* _Data shown_
▬▬▬
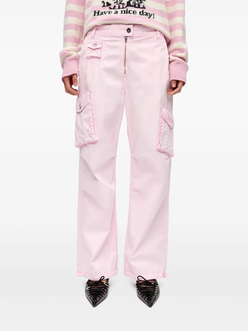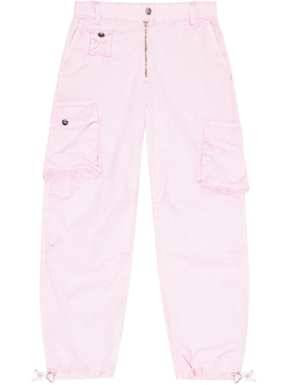 pink front button and zip fastening two side inset pockets multiple cargo pockets drawstring cuffs
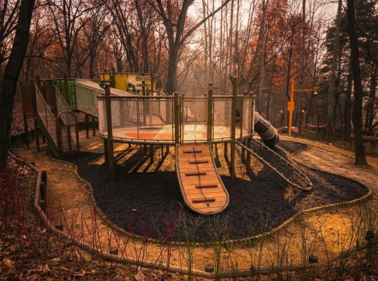▲대형 그물놀이대 ▲숲속 그네 ▲오두막 미끄럼틀 ▲숲속 모래 놀이터 등 다양한 놀이시설을 갖추어 유아는 물론 만 5세 이상 아이들도 함께 즐길 수 있는 숲속 놀이터로 재탄생했다.
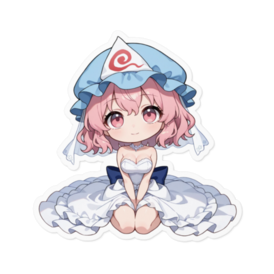 ステッカー - 160 x 160 (mm)(キャラのみ)💍💖🔑幽々子様と結ぶ、現世と冥界を超えた永遠の愛🐰💍 💖東方Project 西行寺幽々子は俺の嫁 ステッカー💍💖 東方Projectファンの皆様、そして西行寺幽々子様に**「永遠の愛」**を誓う貴方へ――。 幽々子様が、純白のウエディングドレスを纏い、最高にキュートなチビキャラになって登場です! ウエディングドレス姿のチビ幽々子様と**「ずっと一緒」**を叶える愛のステッカー✨ スマホに貼って、冥界の愛を現世に! このステッカーは、結婚という強い想いを形にし、幽々子様と**「ずっと一緒」**でいたいという願いを叶える、究極の愛の証です。 幽々子様の笑顔が、あなたの日常を優しく包み込みます。愛するお嫁さん(幽々子様)を、今すぐお迎えください! この商品はpixivFACTORYで作られた商品です。サンプル画像は完成イメージのため、実物と異なる場合があります。
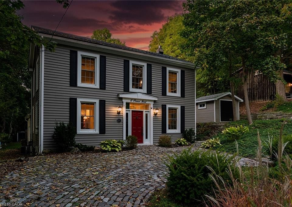 Nestled in the quaint Village of Glen Williams, the Alexander House is a beautifully updated Century Home that blends historical charm with modern living. Since 2017, the current owners have invested over $300,000 in upgrades, making this home ideal for discerning buyers. Upon entering, you'll be captivated by the original 9-inch wide pine plank floors, vintage doors, and high ceilings. The main level features a gorgeous chef's kitchen with a Thermador 48-inch gas range, double ovens, and a griddle, all open to a spacious dining area. Relax by the wood-burning fireplace in the great room or enjoy a cup of tea by the gas fireplace in the library. For convenience, there's also a main-level mudroom/laundry room and a two-piece bathroom. Upstairs, you'll find a stunning Victorian-inspired bathroom with in-floor heating, reminiscent of a spa experience. This level also boasts three lovely bedrooms filled with natural light. Outside, a private oasis awaits with beautiful gardens, a large back deck, and multiple seating areas. An added bonus is the 780 sq ft heated cabin, perfect for a studio, home office, or workshop. The property also includes the original Glen Williams schoolhouse, adding to its rich history. This amazing property is just steps away from popular spots like the Glen Tavern Restaurant, Main Street Market Coffee Shop, the baseball diamond, Copper Kettle Pub, the Credit River, and the Bruce Trail. It's also just minutes from the Go Station and Train. This is a rare opportunity and a must-see! Let's get you home!
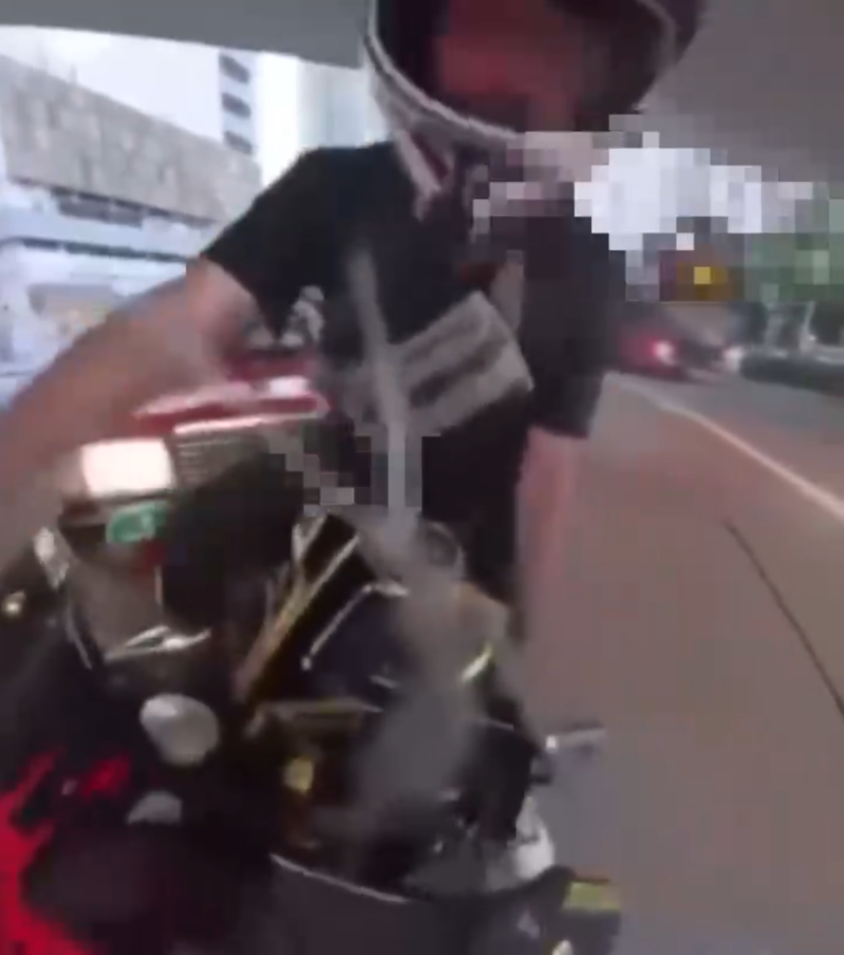 網上在周一 (9月16日) 廣泛流傳一段視頻,一名「鐵騎士」沿大路慢駛,當駛至「停車」路標記時,一輛市區紅色的士突然從小路衝前撞到電單車的尾部,電單車隨即倒下司機則及時跳車,場面驚險,後來司機十分無奈地等候救援。![]()
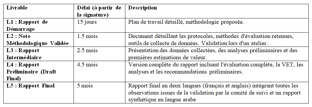 La présente mission a pour objet de réaliser une évaluation économique complète des biens et services rendus par les forêts et les parcours tunisiens et les couts de leur dégradation.
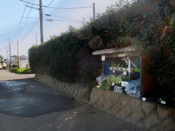 お散歩旅に出かけると、農家の軒先などに無人販売所や直売所があったりします。お散歩旅も後半になると、こういうところでちょいちょいと食材を手に入れることが多い。 今ご近所の農家でつくっているものは白菜、キャベツ、長ネギ、春菊、ダイコン、ホウレンソウ、ナス、キュウリなどで、おもだった野菜はだいたい手に入る。無人販売所だと、おつりの関係で基本100円、高くても200円といったところなので、1000円持ってゆくと、背中に背負ったバッグがだいたいいっぱいになる。これはありがたい。 ...
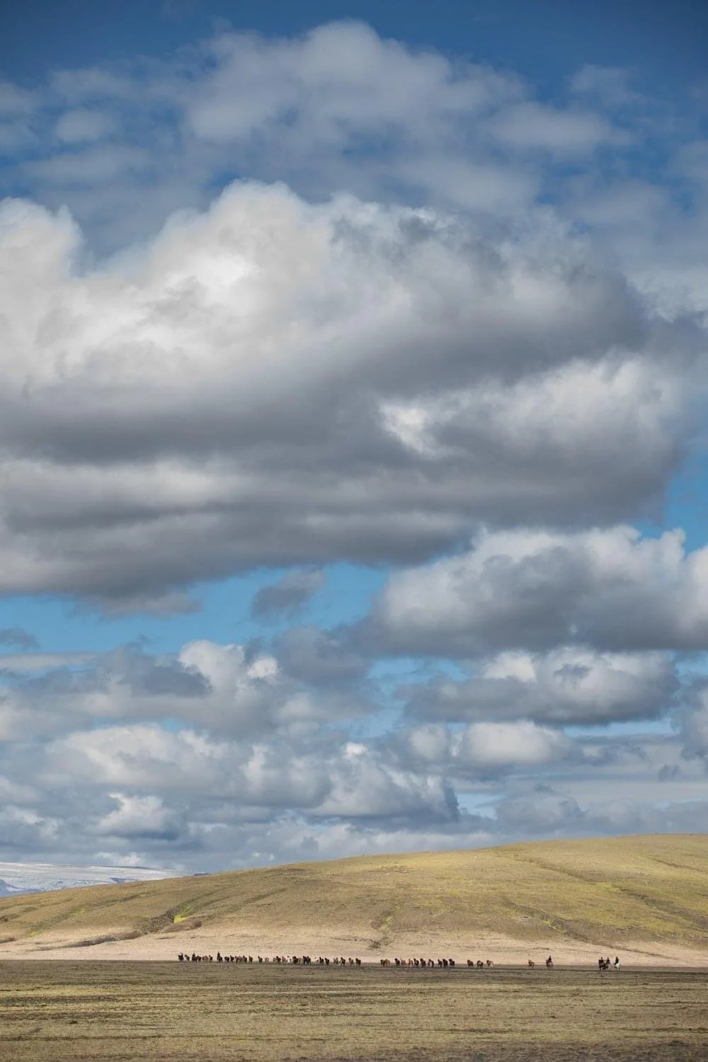 After fully experiencing the magic of Þverabotnar, we return to Emstrur to gather the herd and continue our journey over the highlands toward Fell. Along the way, we traverse gentle valleys, cross sparkling rivers, and make our way over the iconic Einhyrning mountain. We stop for a short break in Bólstaður before arriving at Fell, where a cozy mountain hut awaits, with the horses comfortably settled just outside.
▬▬▬
* _What you are asked to do_
Set down exactly the lines running from the beginning of the entries above to the line that contains "ステッカー - 160", including both, and leave out pictures.

* _Expected output_
 pink front button and zip fastening two side inset pockets multiple cargo pockets drawstring cuffs
▲대형 그물놀이대 ▲숲속 그네 ▲오두막 미끄럼틀 ▲숲속 모래 놀이터 등 다양한 놀이시설을 갖추어 유아는 물론 만 5세 이상 아이들도 함께 즐길 수 있는 숲속 놀이터로 재탄생했다.
 ステッカー - 160 x 160 (mm)(キャラのみ)💍💖🔑幽々子様と結ぶ、現世と冥界を超えた永遠の愛🐰💍 💖東方Project 西行寺幽々子は俺の嫁 ステッカー💍💖 東方Projectファンの皆様、そして西行寺幽々子様に**「永遠の愛」**を誓う貴方へ――。 幽々子様が、純白のウエディングドレスを纏い、最高にキュートなチビキャラになって登場です! ウエディングドレス姿のチビ幽々子様と**「ずっと一緒」**を叶える愛のステッカー✨ スマホに貼って、冥界の愛を現世に! このステッカーは、結婚という強い想いを形にし、幽々子様と**「ずっと一緒」**でいたいという願いを叶える、究極の愛の証です。 幽々子様の笑顔が、あなたの日常を優しく包み込みます。愛するお嫁さん(幽々子様)を、今すぐお迎えください! この商品はpixivFACTORYで作られた商品です。サンプル画像は完成イメージのため、実物と異なる場合があります。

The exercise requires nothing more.